Le sexe, l'amour. Love streams, le dernier film de John Cassavetes, sublime, affronte le coeur de la civilisation judéo-chrétienne. L'écrivain alcoolique incarné par le réalisateur interroge, dans la séquence inaugurale du film, une jeune prostituée sur les plaisirs qu'elle préfère : celle-ci hésite, ne sait pas bien. Le sexe? lui demande son hôte. -Oui, pour l'argent, rétorque-t-elle. Entre alors en scène la soeur de l'écrivain incarnée par Gena Rowlands, débordant d'amour comme si l'amour était déjà en trop, nous submergeait par son torrent irrésistible.
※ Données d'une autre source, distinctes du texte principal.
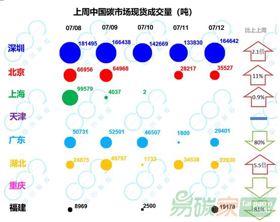 2019年7月8日-7月12日,湖北CCER市場(chǎng)表現(xiàn)最為活躍,共計(jì)成交4.4萬(wàn)噸;其次為上海和
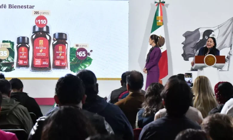 A 04 de septiembre del 2025.- La presidenta Claudia Sheinbaum presentó el Café Bienestar, producido por manos mexicanas de Oaxaca, Puebla, Veracruz y Guerrero. Destacó que uno de los beneficios a la salud es que es café puro sin aditivos como edulcorantes o saborizantes.
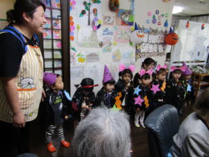 おじいちゃんおばあちゃんの前で披露する「どんぐりころころ」を今日まで毎日みんなの前で練習してきました
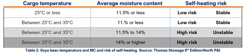 Due to their intrinsic nature, soya beans are prone to microbiological deterioration and self-heating if their MC and temperature exceed certain limits. These risks tend to be exacerbated on long sea passages, as is the case with shipments departing to China that take 40 days or more to arrive, plus the time from the fields to the loading port and the waiting time for the vessel to unload the cargo at the discharge port. Not surprisingly, the main cause of damage to soya bean cargoes discharged at Asian ports is microbiological instability and self-heating. (Table 2)
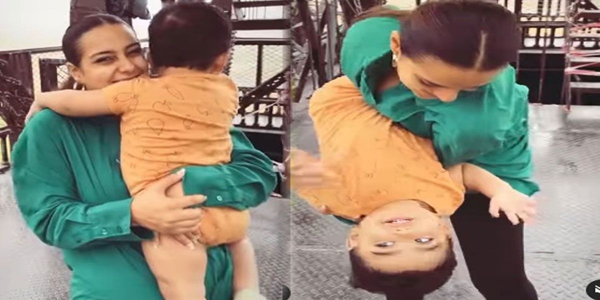 شیئر کی گئی ویڈیو میں دیکھا جا سکتا ہے کہ اداکارہ اپنے شوہر اور بیٹے کے ہمراہ انجوائے کر رہی ہیں۔
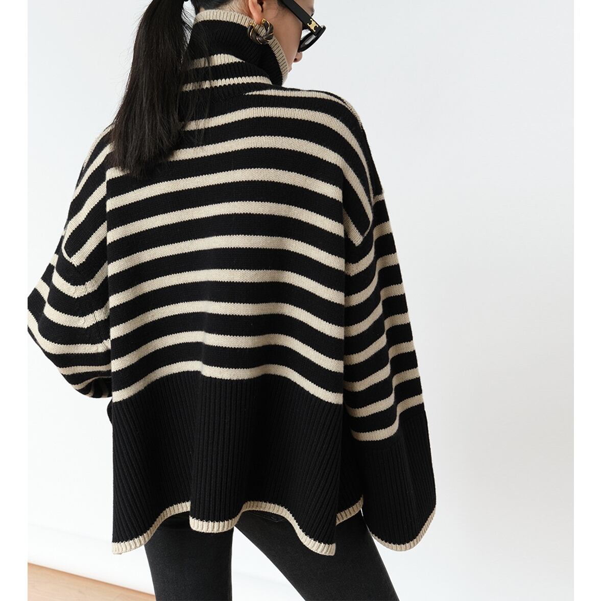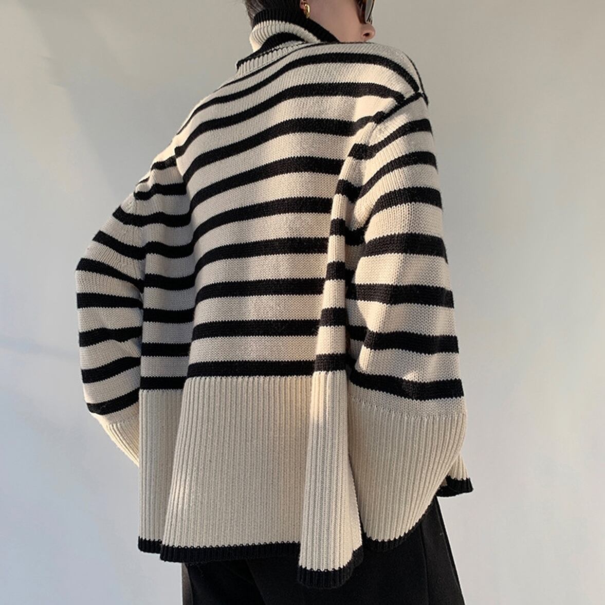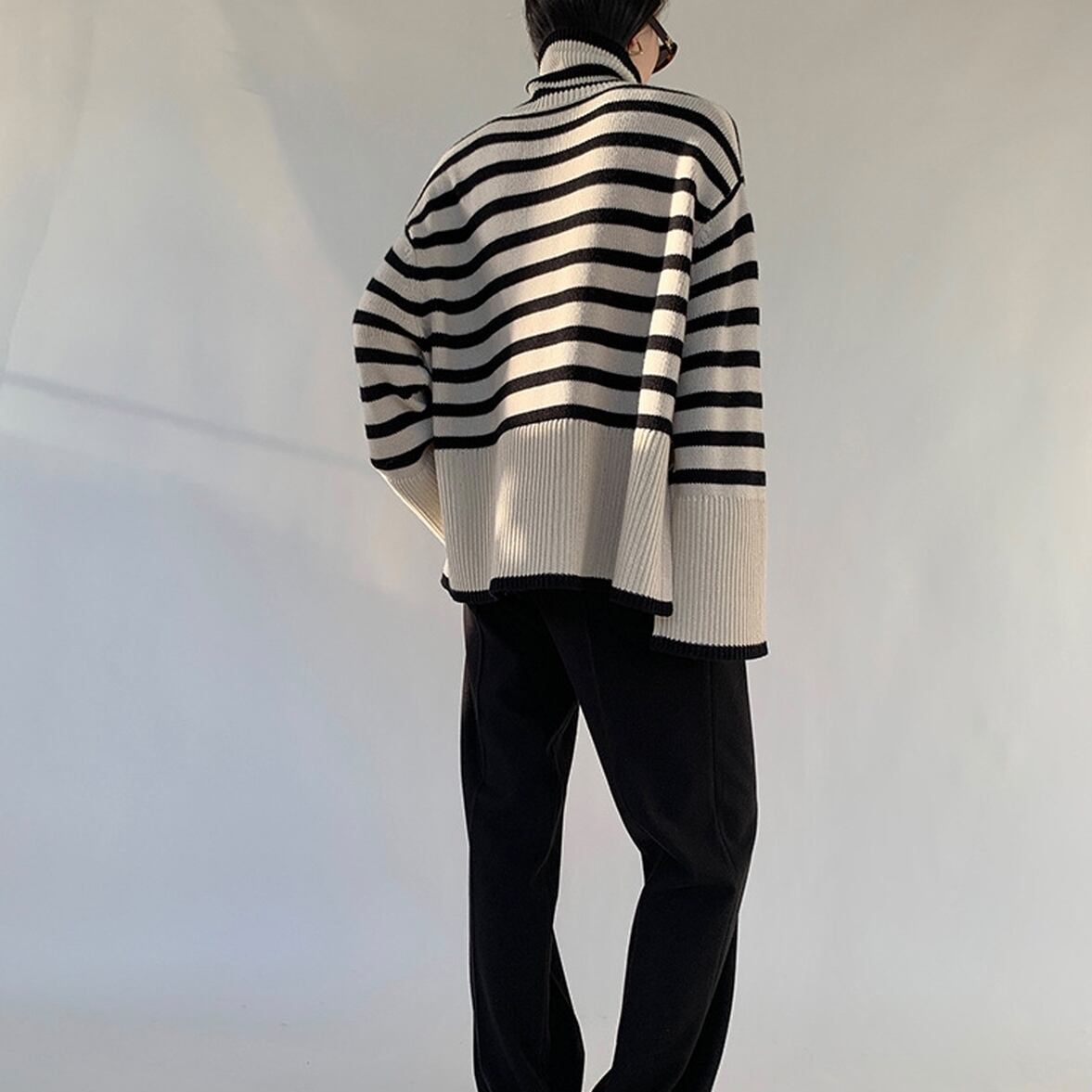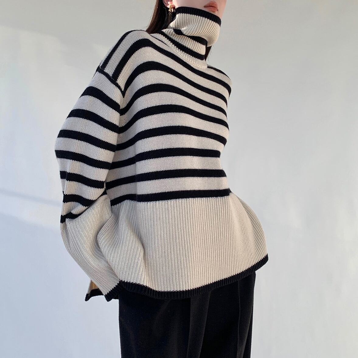 ゆるっとしたフレアシルエットにきゅっと引き締まるハイネック、ワイドさを後押しするボーダー柄、ハイネックニットトップス。
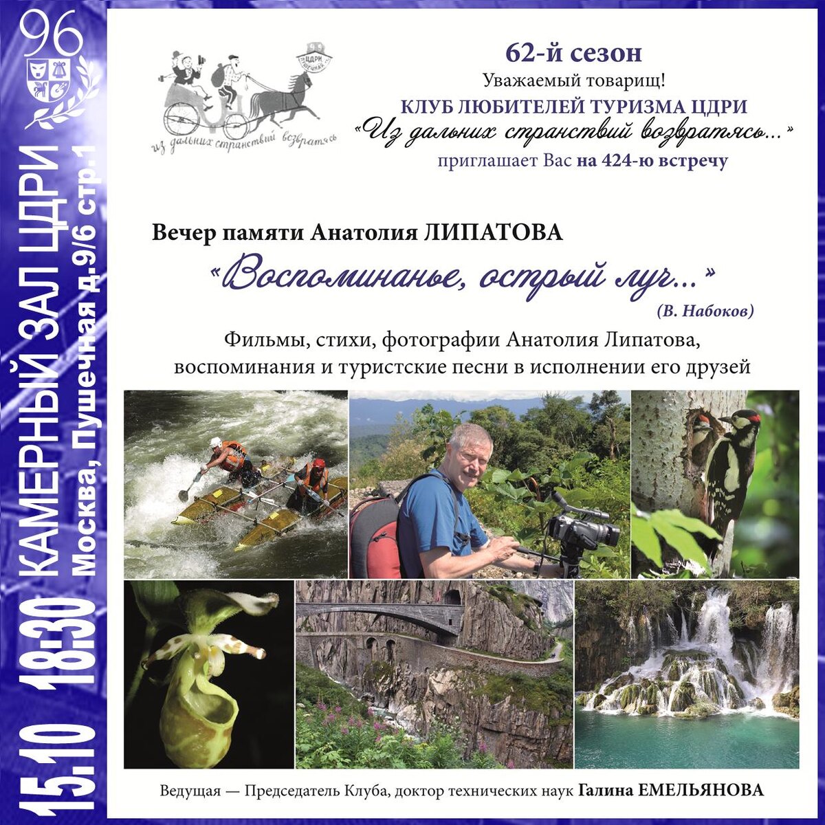 приглашает на 424-ю встречу «Воспоминанья, острый луч…» — памяти Анатолия ЛИПАТОВА Фильмы, стихи, фотографии Анатолия Липатова, воспоминания и туристские песни в исполнении его друзей. Ведущая — Председатель Клуба, доктор технических наук Галина ЕМЕЛЬЯНОВА 15 октября, среда 18:30
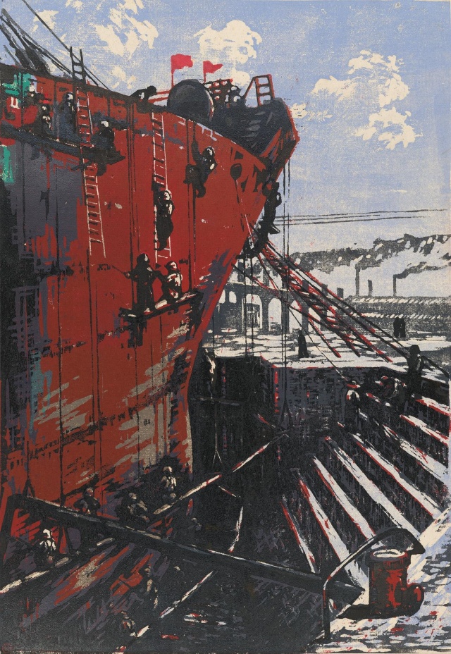 作品刻画了船坞中的工作场景。画面中的工人正站在梯子或木板上为大船涂着红色的油漆。低角度的仰视凸显主体的高大,整块大红色在蓝天的映衬下显得格外醒目,并营造出船坞里工人们热火朝天的劳动气氛。红色和蓝色的对比,产生强烈的视觉效果。20世纪50、60年代,沈柔坚创作了一大批表现工业建设场面的作品,色彩运用大胆,构图独特,突出艺术语言的表现力。运刀有力,潇洒随意,尽显大刀阔斧之态。新时期的沈柔坚对版画艺术有了进一步的探索,尤其是对色彩运用的关注,形成新的艺术风格,此作便是这一时期的代表作之一。
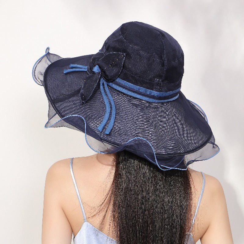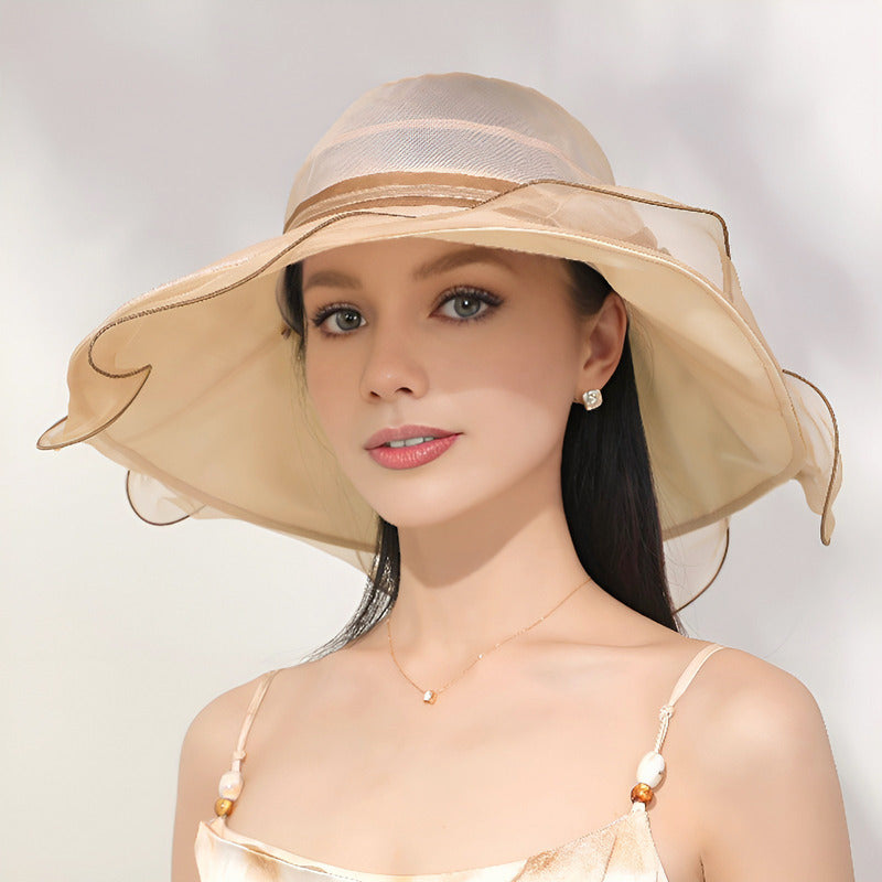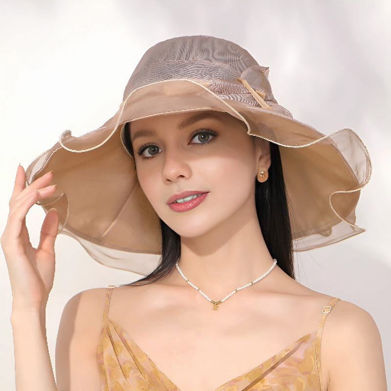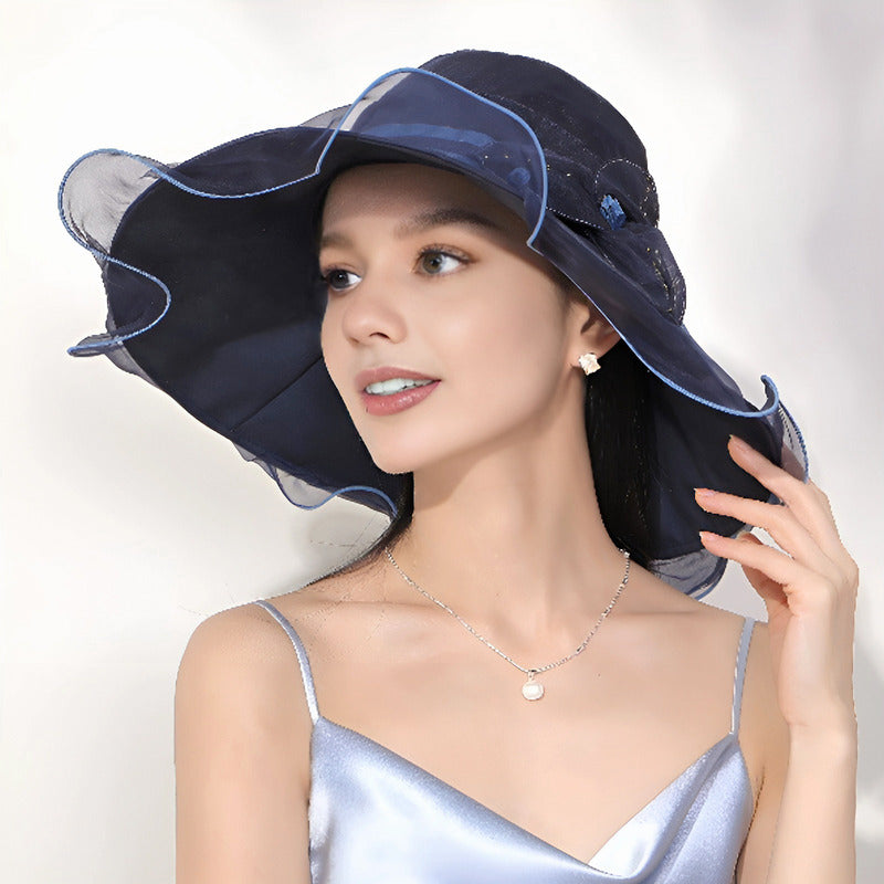 - Brim/Visor: Wide, pre-curved with a frilled, sheer trim

Elle est en instance de divorce et ne sait plus très bien comment utiliser l'amour qui est en elle. Après s'être rendue en Europe, elle retrouvera son frère et vivra auprès de lui quelques moments de naufrage.
Les personnages saignent abondamment dans ce film et les stigmates de l'amour sont ici le signe d'une crise même des sentiments. Le frère saigne de ne pas avoir su être père. Le fils saigne après s'être échappé des bras lâches de son père. L'amour est cette croix pesante, incandescente que les personnages ne savent plus comment porter. Sarah met en gage l'amour, parie sur sa puissance, se demande si les torrents d'amour ont un flux continu. Pour son psy, nul doute que l'amour s'achève, qu'il se rompt. Pour le frère de Sarah, il n'est déjà plus.
Débarquent alors, dans une arche de Noé improvisée, deux poneys, des poules, une chèvre, une perruche, un chien, un canard mais Sarah - nul n'est prophète en Californie - croit s'être trompée. Les animaux seront peut-être sauvés mais ils ne sauveront pas son frère de sa lente agonie. Les meurtrissures d'amour n'offrent aucune rédemption possible.
Sarah quitte alors son frère sous une pluie torrentielle. Raccord jazz. Plan large solitude. L'amour est mort.